Andrew Reeves, the property company, has launched five residential property funds that could delive...
Andrew Reeves, the property company, has launched five residential property funds that could deliver returns equivalent to 14-19% per annum over the next five to seven years.
Minimum investment is £30,000 and there will be a maximum of 50 shareholders in each fund. IFAs will be paid commission at a level yet to be finalised.
Each of the five funds will be capitalised at £1.5m, plus will have £2.5m in mortgage lending, to produce a £4m fund for investment in residential property.
Within each fund, 75% will be invested in buy to let properties, and the remaining 25% will be used to acquire London residential properties for refurbishment and resale. There will therefore be around 15 rental properties plus refurbishment projects within each fund.
The expected 14-19% returns depend on an average 6% growth in the values of property held by the funds, in addition to the contribution from refurbishment projects to convert and upgrade properties for resale.
Each of the Andrew Reeves Property Ventures investment vehicles will be treated as a medium to long-term investment. All realised profits and gains will be reinvested each year, and the funds' assets will be finally realised and distributed to shareholders after five to seven years.

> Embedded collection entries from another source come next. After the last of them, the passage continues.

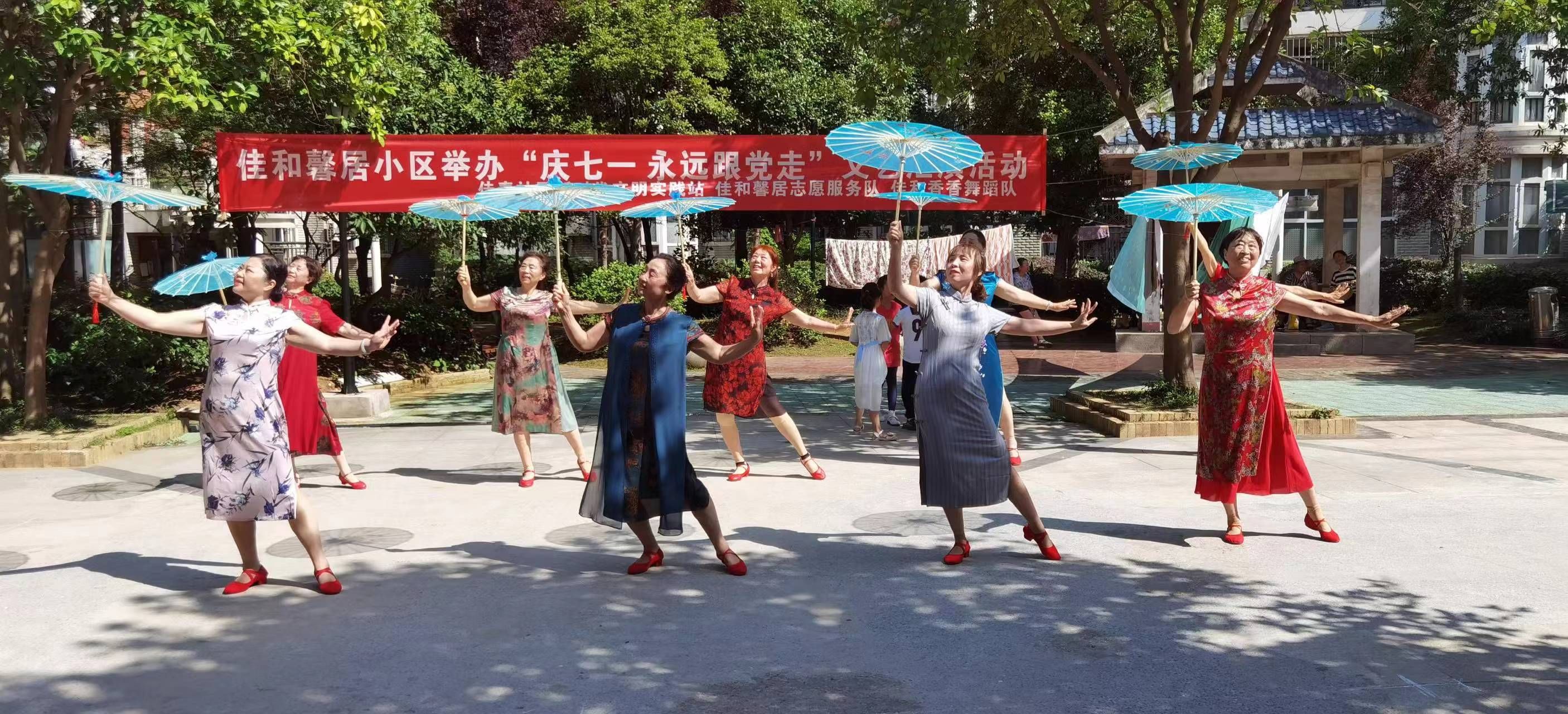车谷融媒6月29日讯 近日,沌阳街道佳泰社区组织辖区退役军人、志愿者团队香香舞蹈队开展“同心颂党恩·共筑佳家美”为主题七一文艺汇演活动。
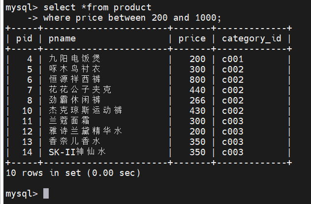 insert into product values(null,'雅诗兰黛精华水',200,'c003');
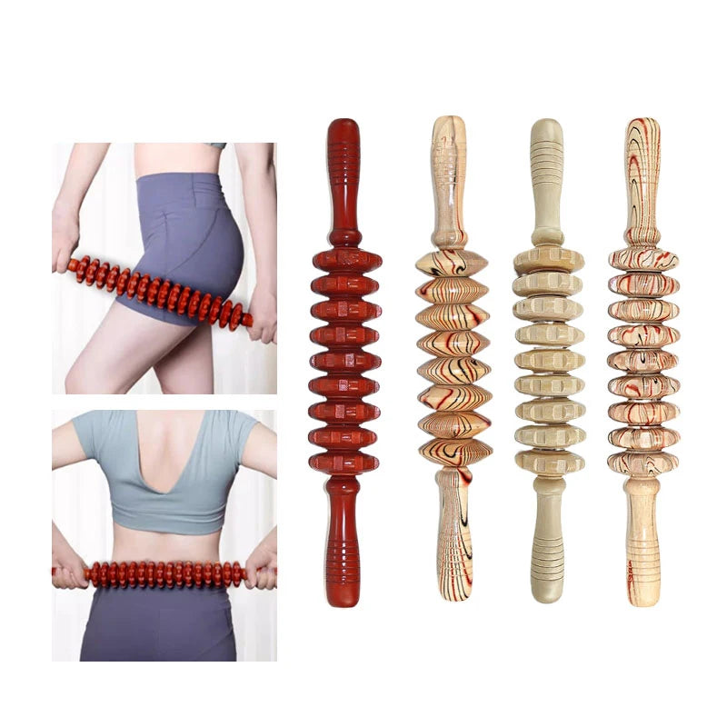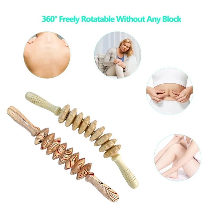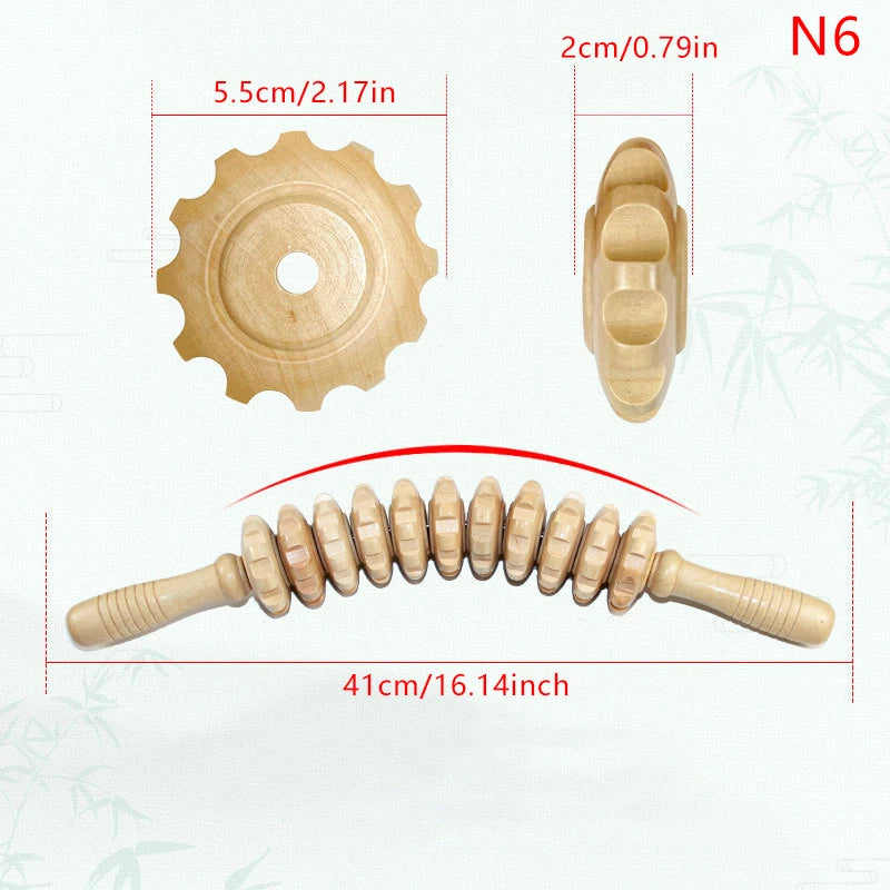 Natural Curved Wooden Massage Roller for Waist and Back, Multi-Functional Body Roller for Cellulite Reduction & Muscle Tension
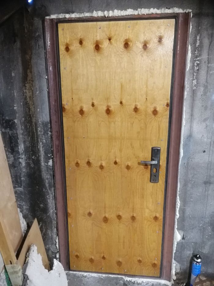 Почитав объявления, выяснил, что все предлагаемые на авито двери выше на пару десятков сантиметров. Перспектива долбить проем не прельщала, зато на халяву в куче металлолома обнаружилась жестяная входная китайская дверь, причем, по размеру пуля в пулю с проемом. Так что сразу прошу не пинать, если кому-то мой пост покажется бесполезным. Тем более бюджет новой двери составил цену баллона пены-все остальное было в наличии.
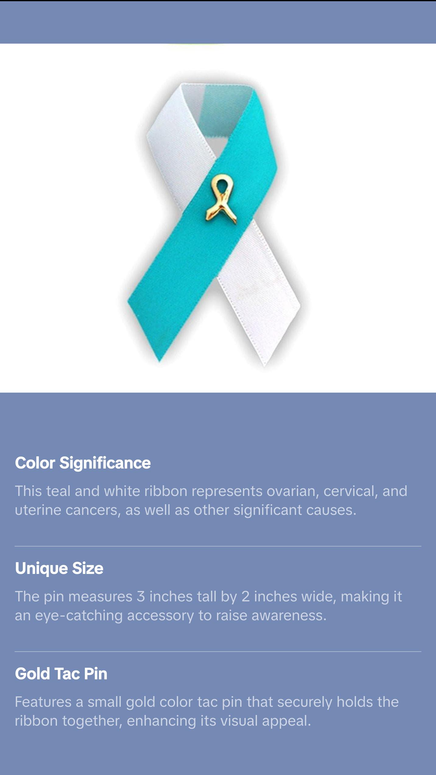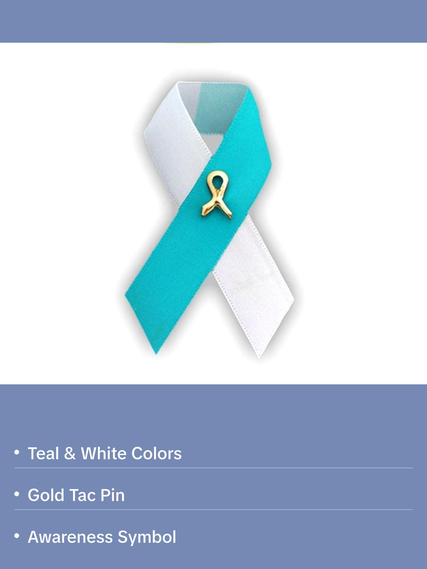 This product includes 10 teal and white cancer awareness ribbon pins, each with a gold ribbon tac pin in the middle. The teal color symbolizes ovarian, cervical, uterine cancers, and other health issues. The pins are perfect for promoting awareness of these health concerns.
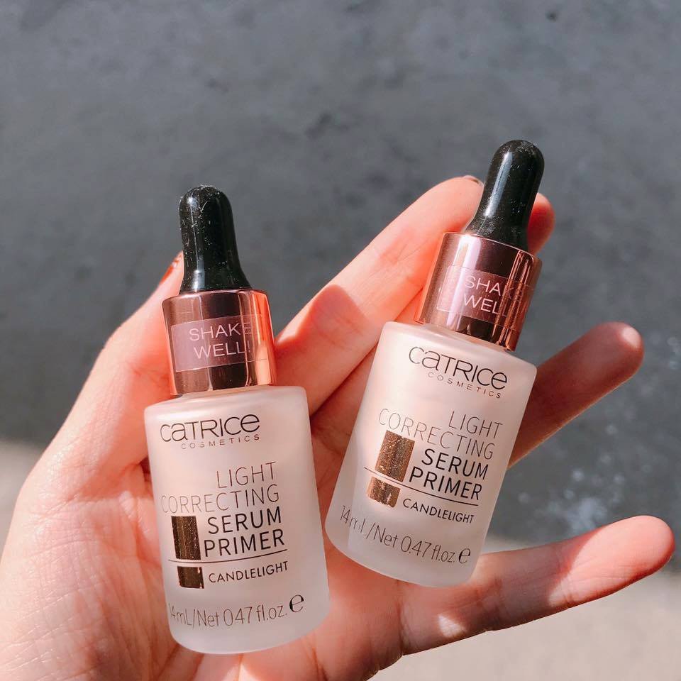 Kem lót CATRICE Light Correcting Serum Primer về lại rồi nha - Kem lót siêu ok cho chị em: ✔ Chất kem lỏng, mịn mướt và độ bám cực kì cao. ✔ Đặc biệt, kem lót là một dạng serum nên có tinh chất dưỡng ẩm cực ổn, không lo da khô bị mốc. ✔️Tạo độ bóng nhẹ, cái này thích hợp với makeup look hàng ngày, với những cô nàng thích đơn giản, gọn nhẹ. Không cần nhiều bước Primer sẽ thay Highlight giúp da bạn có độ bóng nhẹ, khỏe khoắn. ✔Tone màu có ánh nhũ nhẹ màu vàng hồng, theo như Catrice hứa hẹn thì sp phù hợp với mọi loại da. Khá bất ngờ và ấn tượng về hiệu quả sản phẩm đem lại, khi sử dụng kem lót này trước khi trang điểm, lớp nền giữ được tới 9h đồng hồ. 👉👉 Lắc kỹ trước khi sử dụng cho lớp kem đều hơn nhé.
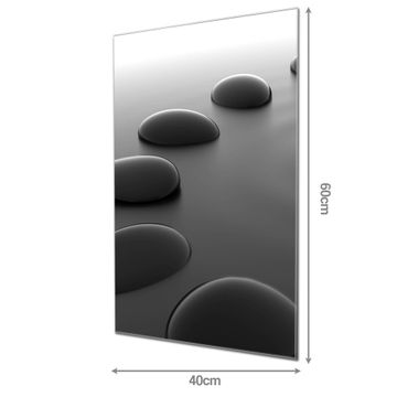 Material: 4mm Sicherheitsglas mit Metallrückwand Eigenschaften: beschreibbar, magnetisch, kratzfest Maße: 40x60x0,6cm, 3,60 kg schwer Motiv Nummer 12061 Schwarze Steine Zubehör: inklusive 4 Neodym-Magnete

Andrew Reeves, chairman of the Andrew Reeves Group, said there is no automatic exit route for investors before the five to seven year period, being an unlisted product with no open market. However, provided there is another investor prepared to buy into the market, a sale of the shares in the fund can be organised.
"However, we don't envisage this being a problem. Most investors looking to invest in the buy to let market are looking at the medium to long term in any case," he said.